The 2014 data includes three types of time series: (1) 1-minute time series of rainfall recorded by tipping bucket rain gages at each station, (2) 10-Hz time series of flow stage recorded by laser distance meters at each station, and (3) 333-Hz time series of ground vibrations and basal normal force at the Upper station only. Ground vibrations were recorded by two 4.5 Hz triaxial geophones separated by 18 m along the channel. Basal normal force was recorded by a 232 cm^2 force plate installed in the bedrock channel bed directly beneath the laser distance meter. The 10-Hz stage data is collected only when it is raining due to data storage limitations. Similarly, the 333-Hz ground motion and force data are provided only during significant flow events. These events occurred on 4 July 2014, 31 July 2014, 1 August 2014, 4 August 2014, and 6 August 2014. The first three events are primarily debris flows and the last two events are debris floods. Note that the rain gage at the Lower station, which is partially shielded by a near-vertical cliff, is used primarily as a trigger for sampling 10-Hz stage data rather than providing an accurate representation of rainfall at the station.
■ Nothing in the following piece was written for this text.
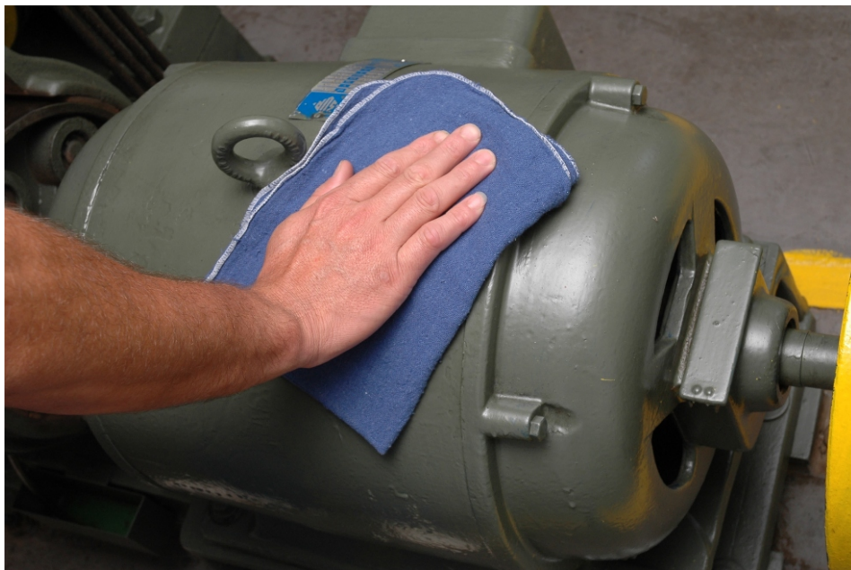
EMPRESA BUSCA CONTRIBUIR PARA A REDUÇÃO DO IMPACTO AMBIENTAL

Joarez Venço - No sistema de locação a Renova disponibiliza quantidades predeterminadas de toalhas ao cliente, substituindo periodicamente as usadas por outras devidamente higienizadas. O

Details of the sensors and photos of each station are contained in the "README.zip" file. The file also contains formulas for (1) converting the distance between the laser and the flow surface (or stationary bed surface) to stage above the datum for each station, and (2) converting the raw voltage readings from the geophones and force plate transducer into engineering units of ground velocity and normal force, respectively.

Additional details of the study are provided in the journal articles:

McCoy, S. W., J. W. Kean, J. A. Coe, G. E. Tucker, D. M. Staley, and T. A. Wasklewicz (2012), Sediment entrainment by debris flows: In situ measurements from the headwaters of a steep catchment, J. Geophys. Res., 117, F03016, doi:10.1029/2011JF002278.

Kean, J. W., J. A. Coe, V. Coviello, J. B. Smith, S. W. McCoy, and M. Arattano (2015), Estimating rates of debris flow entrainment from ground vibrations, Geophys. Res. Lett., 42, doi:10.1002/2015GL064811.